¿Y si al verte llegar a recogerme te miro a los ojos, con una sonrisa, como hago cada vez que te veo y nos saludamos como dos simples amigos?
¿Y si al llegar al coche rozas con tu mano mi pierna desnuda, y comienzas a acariciarme?
¿Y si no puedo resistirme a besarte?
¿Y si juntos emprendemos camino hacia el infierno, sin importarnos lo que digan los demás, ni siquiera lo que pensemos nosotros mismos?
¿Y si sólo nos entregamos al deseo que sentimos, y nos comemos no sólo con los ojos?

¿Y si lo hacemos ya en el ascensor, antes de llegar a la puerta del abismo?
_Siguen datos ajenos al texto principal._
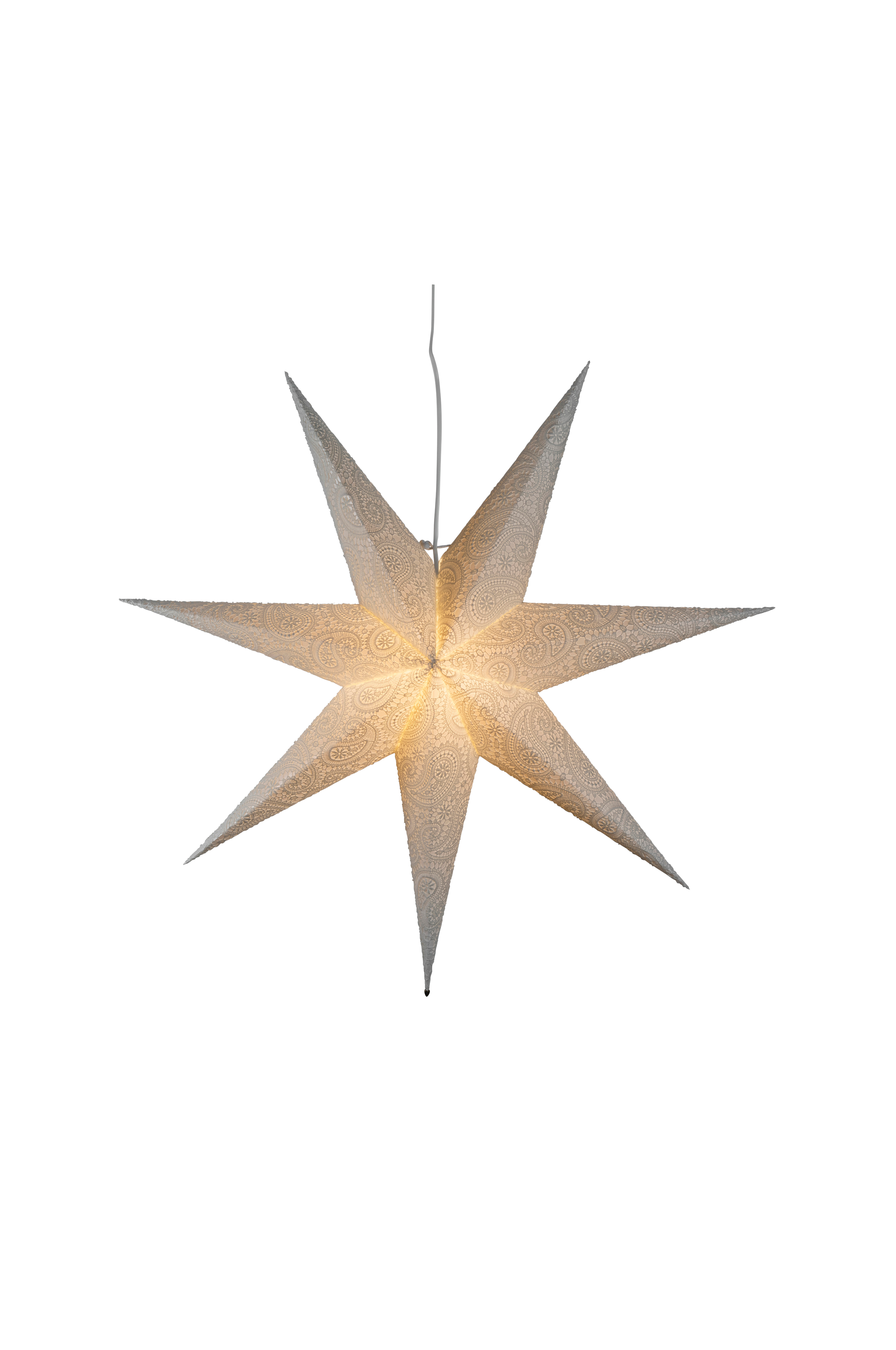 Vit spetsmönstrad pappersstjärna som ger en personlig touch. 500 cm anslutningskabel med strömbrytare ingår. E14-sockel. Stjärnan har 7 punkter och en diameter på 60 cm. Endast för inomhusbruk.

Te desabrocho el pantalón, me retiro el tanga, te abrazo, y contra los botones me penetras como un loco mientras no nos besamos, eso no es besar, eso es devorar: lengua, dientes, labios...
¿Y si probamos todo lo que queremos probar juntos, primero yo, después tú, más tarde ambos a la vez?
Me muevo, te mueves, ahora déjame a mí; no, no te toques, lo haré yo, sigue, me gustas, me encantas, aprieta más ese nudo, cierra los ojos, muerde, lame, besa... te deseo más, ahora más fuerte, ahora, ahora, ahora ¡Sí! ¡Sí, sí, sí! ¡SÍ..!
¿Y si me ducho y te despido con un beso de amigo?
¿Y si de nuevo me acompañas... me abrazas... Y me dejas esperando que él venga a recogerme para pasar juntos una tarde de amor, la tarde de amor que vine a tener?
Podría ser...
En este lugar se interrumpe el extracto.